Easy-Going Anguilla

MEADS BAY, Anguilla, British West Indies — OK, there may have been a moment of panic as I steered the white rental car out of the parking lot.

I have plenty of experience behind the wheel in countries whose British heritage compels them to drive on the left side of the road, and I’ve been fine. My basic rule of conversion: The driver is on the side of the vehicle nearest the center of the road. But my car’s steering wheel was on the left side, which meant I was driving on the shoulder side. The problem: so was the person steering the car coming at us head-on. He was sitting where the passenger should be. For although Anguilla is British in tradition, cars from America are less expensive to buy and transport.

But instead of a collision or even an angry horn, the driver simply pulled to his left and waved me by with a genial, understanding smile.

On Anguilla, they do things differently.

First, it’s pronounced, “An gwill a,” not “An gwee a,”although the name is derived from the French or Spanish word for eel. That’s an apt description for this narrow, 16-mile-long, sand-fringed spit of limestone and sand that squirms its way along the Caribbean’s northeast shoulder.

Although Anguilla lies only a few miles north of the spine of old volcanoes that is St. Maarten, this most northerly of the Leeward Islands maintains a low profile, nowhere rising higher than 215 feet above the azure seas around it.

Somewhat arid and not particularly fertile, scrubby with no forests or natural resources to exploit, the island was of no interest to early Spanish explorers. An English settlement was established in 1650, and despite being ravaged several times over the next three centuries by various calamities, the island remained a British colony, albeit one relatively low on the scale of importance.

Ironically, because large plantations weren’t practical, Anguilla never saw the mass importation of African slaves that populated bigger islands, and its residents eked out a subsistence fishing the abundant waters, harvesting salt or constructing colorful wooden boats.

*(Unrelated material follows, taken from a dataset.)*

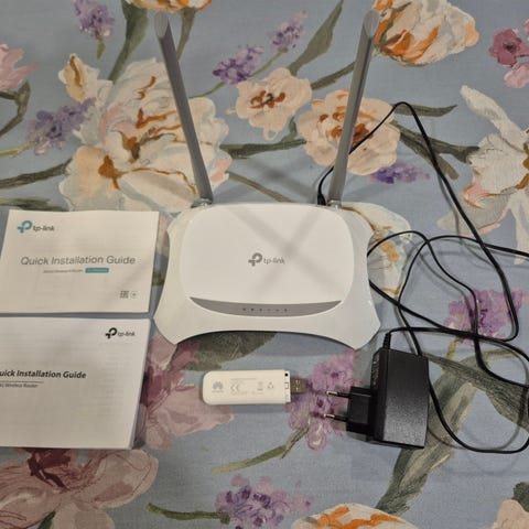 Huawei reititin valkoinen, varustettu useilla Ethernet-portilla ja langattomalla yhteydellä. Laite sisältää kaksi ulkoista antennia ja on suunniteltu kotikäyttöön langattoman verkon jakamiseen.

For much of the 20th century, the island’s primary export was adult males, who sought work on other islands to supplement their families at home. Forty years ago, the island’s total population had fallen to 4,000. All the island had was abundant sun, sand and sea, but those were to become valuable assets.

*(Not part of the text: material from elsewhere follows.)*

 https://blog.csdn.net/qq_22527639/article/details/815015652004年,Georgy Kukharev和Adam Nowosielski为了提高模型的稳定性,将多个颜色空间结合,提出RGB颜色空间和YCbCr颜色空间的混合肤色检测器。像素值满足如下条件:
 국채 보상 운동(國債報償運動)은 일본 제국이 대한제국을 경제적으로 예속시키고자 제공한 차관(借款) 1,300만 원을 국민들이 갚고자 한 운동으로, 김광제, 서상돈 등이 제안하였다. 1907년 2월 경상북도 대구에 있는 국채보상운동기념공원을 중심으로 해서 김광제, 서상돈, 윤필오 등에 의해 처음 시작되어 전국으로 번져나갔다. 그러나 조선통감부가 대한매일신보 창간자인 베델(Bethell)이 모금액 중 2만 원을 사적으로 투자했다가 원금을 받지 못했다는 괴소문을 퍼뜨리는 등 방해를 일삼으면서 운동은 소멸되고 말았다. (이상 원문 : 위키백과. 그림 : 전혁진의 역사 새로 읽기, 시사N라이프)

In 1980, after a decade’s struggle to establish some sovereignty over their own island, Anguillans took control of their destiny. While remaining a British overseas territory, islanders established rules on how its beachfront assets could be developed, with a strong emphasis on privately funded, locally involved projects.

Since then, they have transformed their island from an obscure backwater of the British empire into an up-and-coming upscale vacation haven. Although British in tradition and politics, Anguilla uses the dollar and 90 percent of its visitors now come from North America.